What is YK11?
May 11, 2016 IRC.Bio Staff
In Product Feature

The Belgian Blue breed of cows is famous for its striking muscular appearance. This is a result of a mutation related to myostatin.

What is YK11?

It is a partial androgen receptor agonist and it functions as a myostatin inhibitor. Most SARMs stimulate muscle growth by attaching to and activating androgen receptors. The vast majority of SARMs are full androgen receptor agonists, as they elicit a maximal response of the AR upon occupation. On the other hand, partial agonists activate the androgen receptor with only partial efficacy and may even display some antagonistic activity. What makes YK11 unusual is its effect on myostatin. Myostatin is a myokine, a protein produced and released by myocytes that acts on muscle cells’ autocrine function to inhibit myogenesis: muscle cell growth and differentiation.

How does YK11 work?

YK11 works by increasing production of Follistatin.
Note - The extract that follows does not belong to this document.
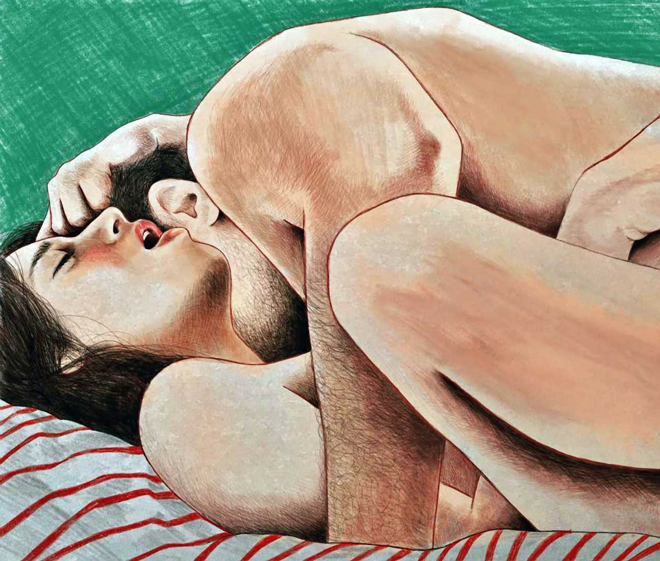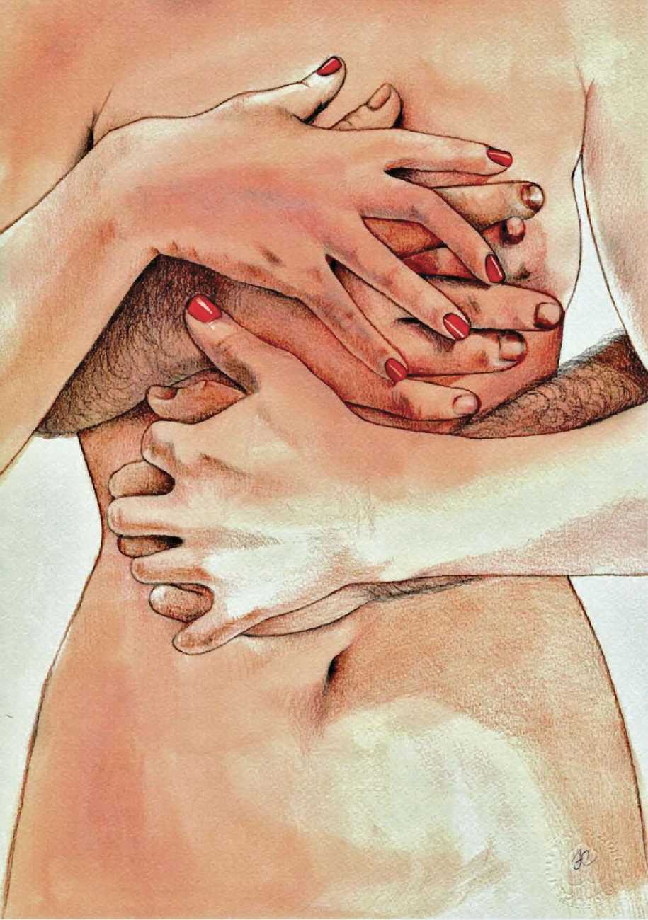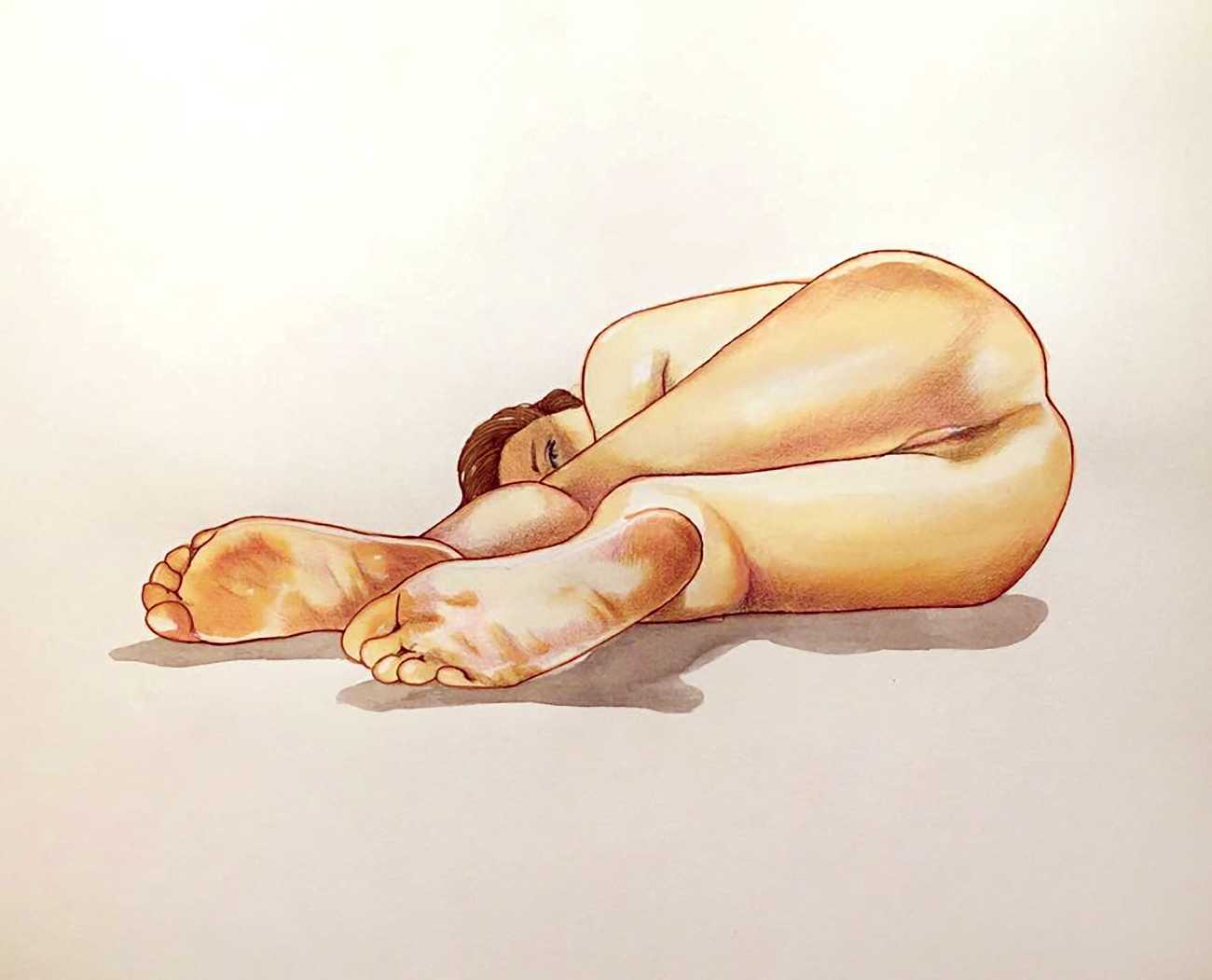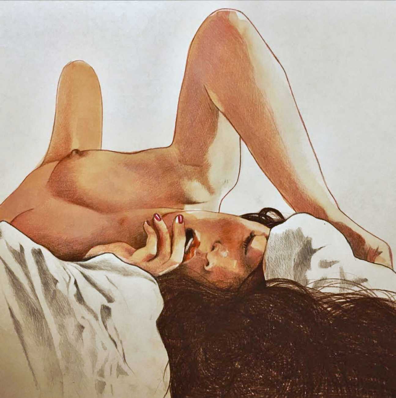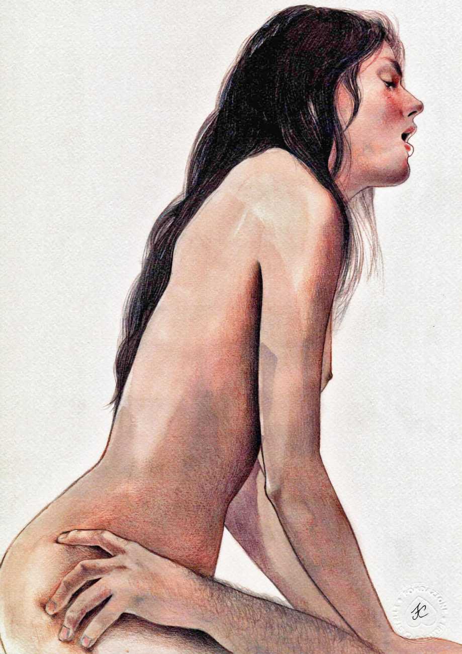 The young Italian artist Frida Castelli has gathered a prodigious and appreciative internet audience since she started posting her artwork online in 2017, and she now has a portfolio which includes prints and books as well as her trademark ink and watercolour paintings of a naked lover enjoying intimacy with herself and her partner.
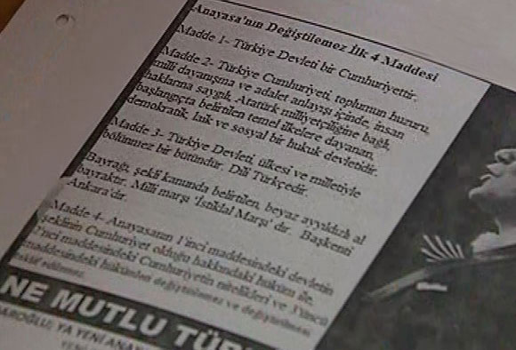 Bildiride, Anayasa'nın ilk 4 maddesinin kesinlikle değiştirilemeyeceği vurgulandı. CHP'nin bölücülükten yana bir tavır içinde olduğu öne sürüldü. "Yeni Osmanlı yeni CHP yeni Anayasa'ya hayır" ifadesi kullanıldı. (CNNTÜRK)

Follistatin is a potent antagonist of myostatin. In the presence of Follistatin, myostatin cannot inhibit muscle growth. This effect actually isn’t unique, as many steroids function as myostatin inhibitors to one degree or another. However, what is unique is the potency with which YK11 works to combat this muscle destroying molecule. In one study, YK11 was shown to increase Follistatin production several times higher than DHT, which is itself a potent inhibitor of myostatin.